Courtesy Kris Samuelson

Call it the Age of Images:on the Internet, in DVDs, in video games. “It is exploding, and young people have so much more access to digital cameras and manipulation,” says professor of communication Kris Samuelson. “We are surrounded by and embedded in the world of what we call ‘moving image media.’”

Hence Stanford’s decision to create an undergraduate major in film and media studies, to be housed in the department of art and art history. In 2006, the documentary film and video program will migrate from the communication department to the art department and begin awarding master’s of fine arts degrees, rather than master’s of arts degrees. The switch from an MA to an MFA is designed to make graduates more competitive for academic positions.

About 15 to 20 undergraduates have told Samuelson, ’73, that they intend to choose the new major. “We get lots of students stopping by who are really accomplished working with the tools, but may need some development in terms of telling stories,” she says.

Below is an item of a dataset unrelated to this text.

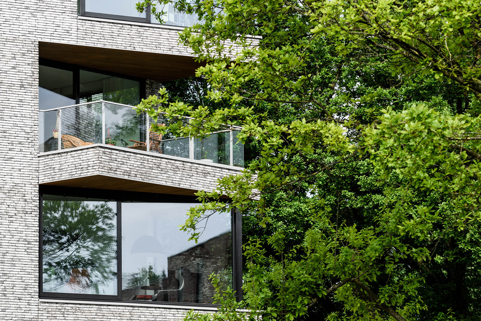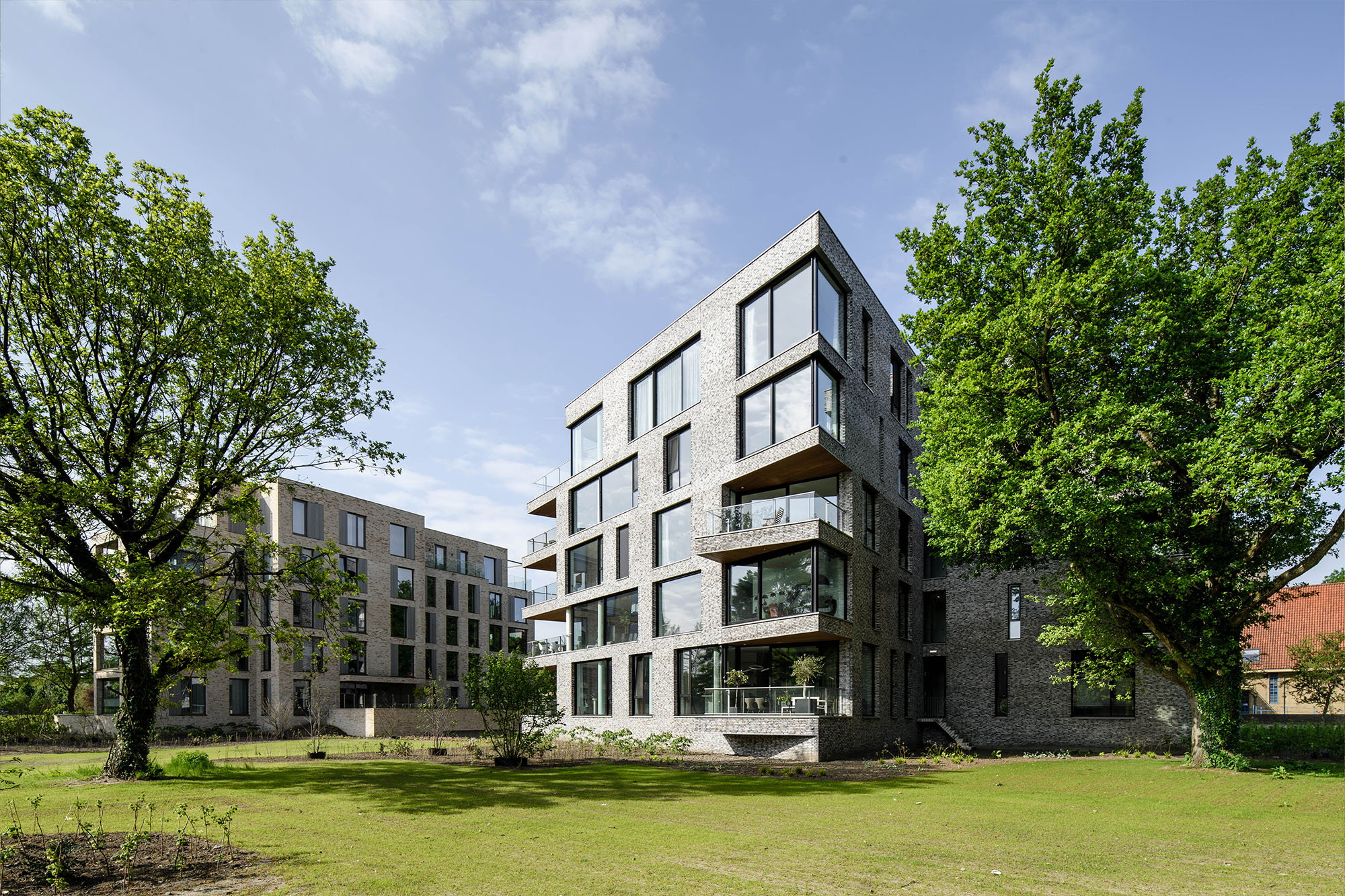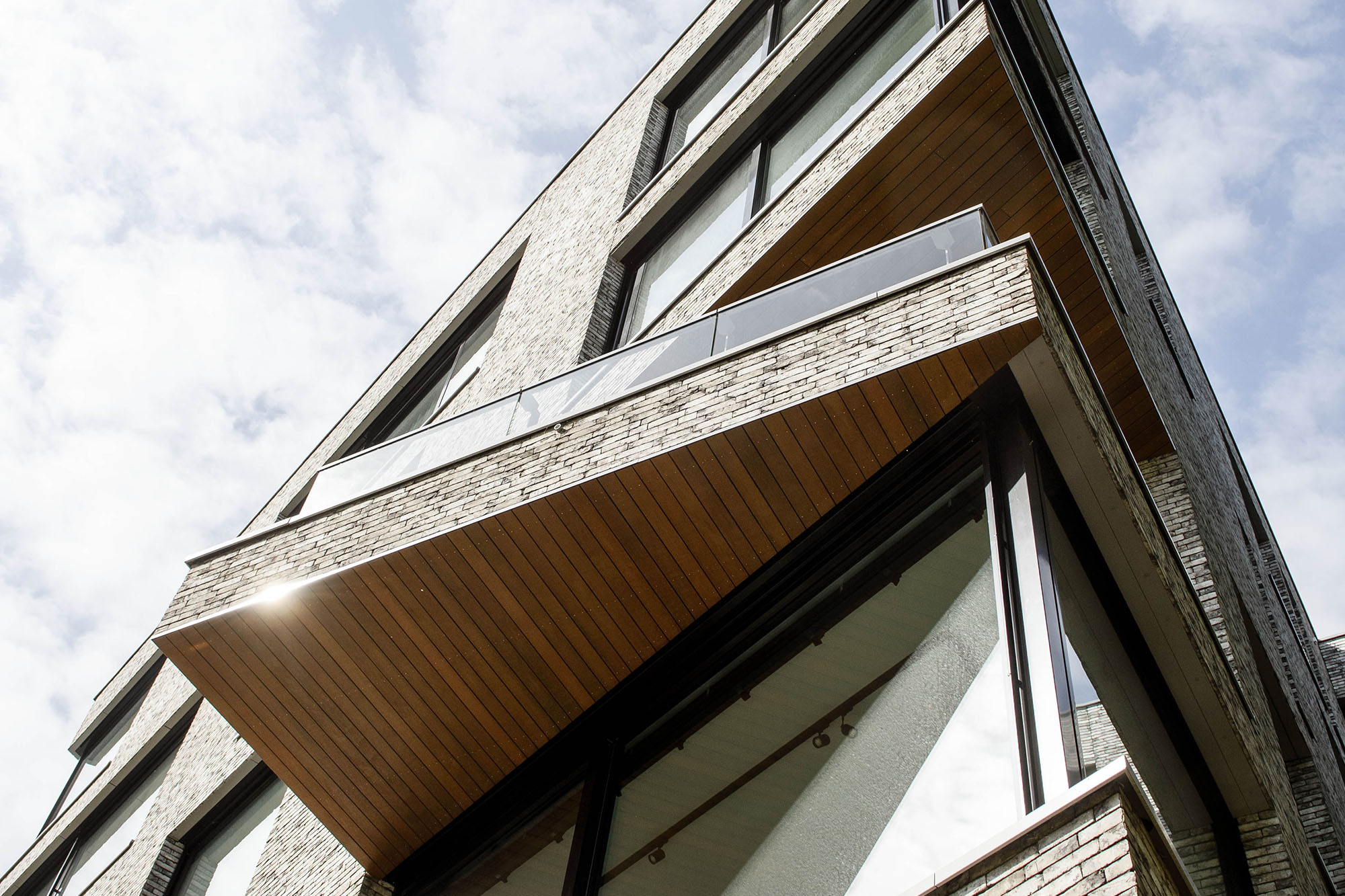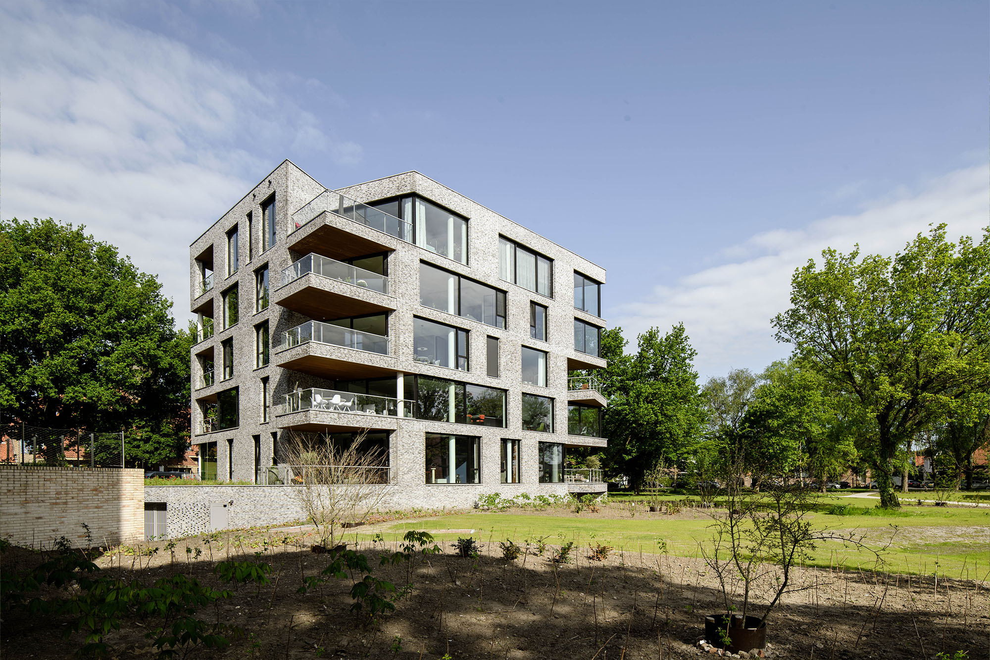 De gevel heeft in verhouding veel glas om de verbinding tussen binnen en buiten zo sterk mogelijk te maken. Door de verschillende woning plattegronden ontstaat er een compositie van herhalende raamopeningen en grote afwijkende vensters, waarbij het dichte gevelvlak rondom continueert en samenhang creëert. De privé buitenruimte zijn op de hoeken gepositioneerd en kragen soms iets uit voor een optimale bezonning en uitzicht.

The first director of the new major, Samuelson comes to her new position after teaching in the communication department for 23 years, most recently as director of the documentary film program. She and communication professor Jan Krawitz will transfer to the art department in fall 2006, joining associate professor of art and art history Scott Bukatman and assistant professor Pavle Levi, both film specialists. “We’re all going to be, finally, wonderfully together,” she says. “We’ll have those kinds of great interactions that happen in the hallway.”

Largely because of strong student interest, Samuelson says, film and media studies programs have been “sprouting up” nationwide. The Stanford major will have a liberal-arts focus in film and media history, theory and criticism, like programs at Yale and the University of Chicago. It will not follow the film-school model of New York University or USC, which offer courses such as cinematography and production design.

A $1 million gift from an alum has helped launch the new major, which will be celebrated with “Stanford in Hollywood,” a kick-off event October 1 in Los Angeles. Sponsored by the Alumni Association, Stanford in Entertainment and the film studies major, the half-day symposium will feature a keynote address and panel discussions with prominent alumni, including the Oscar-winning producing team of Richard Zanuck, ’56, and David Brown, ’36, who will receive the inaugural Muybridge Award for their lifetime contributions to cinema.

Stanford will conduct a faculty search this year for a specialist in Asian cinema. “We have strength in American and European cinema already,” Samuelson says. “But look at the explosion of Indian cinema, the emerging Thai, Malay and Filipino cinema, plus the subset of Hong Kong films, and there’s so much to explore. We’re right on the edge of the West Coast, and we want that strength.”